One paper described Reed’s leadership as “flawlessly calculated.” Another hailed Sue as “a vision of grace and tactical finesse.” Even Ben got a glowing paragraph about “raw strength tempered with loyalty and control.”
Then came his part.
Johnny’s jaw moved a little slower as he read.
“—while Johnny Storm, ever the Human Torch in name and temperament, played his usual role of chaotic spectacle. Though undeniably brave, one wonders how much longer recklessness can be mistaken for confidence.”
He blinked. Re-read it. His chewing stopped altogether.
“Hey, Stretch,” he said, lifting the paper and squinting at the byline, “you remember that new reporter? The one with the notebook and the spine made of steel?”
Reed didn’t look up. “Hmm? The one who cornered you about the AI drones?”
“Yeah. She wrote this.”
Ben grunted without looking. “What, she get your flame-retardant undies in a twist?”
Johnny folded the paper and tossed it onto the counter. “Just funny how I save the day in a ball of fire, and all I get is ‘reckless spectacle.’”
Sue took a sip of her coffee. “Maybe she’s not wrong.”
He turned. “Et tu, sis?”
She shrugged. “She didn’t say you weren’t brave. She just said you’re the kind of brave that forgets plans exist.”
“She called me a ‘spectacle.’ That’s basically ‘show pony’ in journalist speak.”
Reed finally looked up, adjusting his glasses. “She also made you sound like you belong in a pulp serial. That kind of language sells papers.”
“Thanks, that really soothes my ego.”
But he wasn’t angry.
If anything, he was... annoyed that it got under his skin at all.
He'd been flamed before, literally and figuratively.
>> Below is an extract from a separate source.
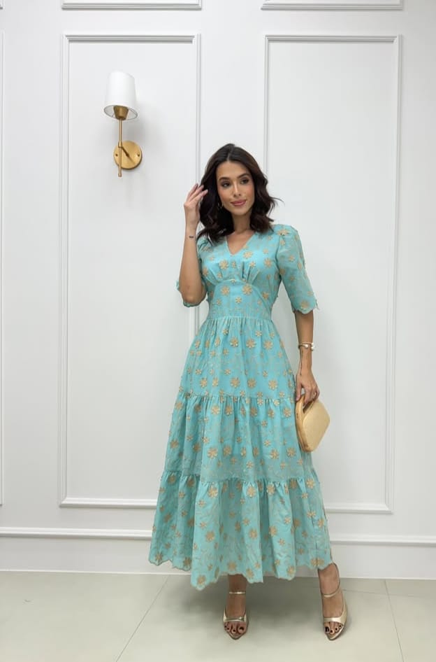 Vestido Flor caimento perfeito, Saia com babado e detalhes em bordado .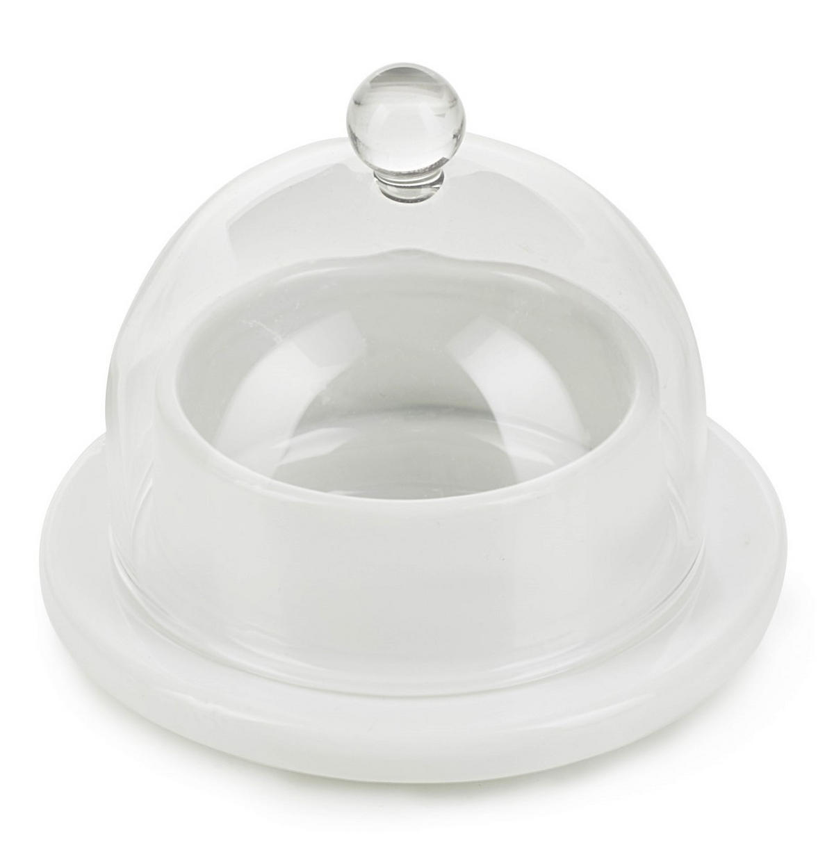 Revol Porcelaine France BUTTERTELLER MIT GLASDECKEL 9 cm Weiss

But something about the way she wrote it — so clean, so sharp, like she wasn’t trying to insult him… just calling him out — it stuck.
Johnny leaned back, arms folded behind his head.
“All right,” he muttered to himself, a smile tugging at the corner of his mouth, “game on, byline.”
The Daily Observer newsroom buzzed with the usual mid-morning chaos — the clack of typewriters, hum of fax machines, and cigarette smoke curling toward the ceiling like it had deadlines of its own. Reporters darted between desks, arguing over column space or chasing coffee that tasted like burnt despair. Your desk was tucked near the back, wedged between the city beat editor and a storage closet that had mysteriously started leaking toner last week.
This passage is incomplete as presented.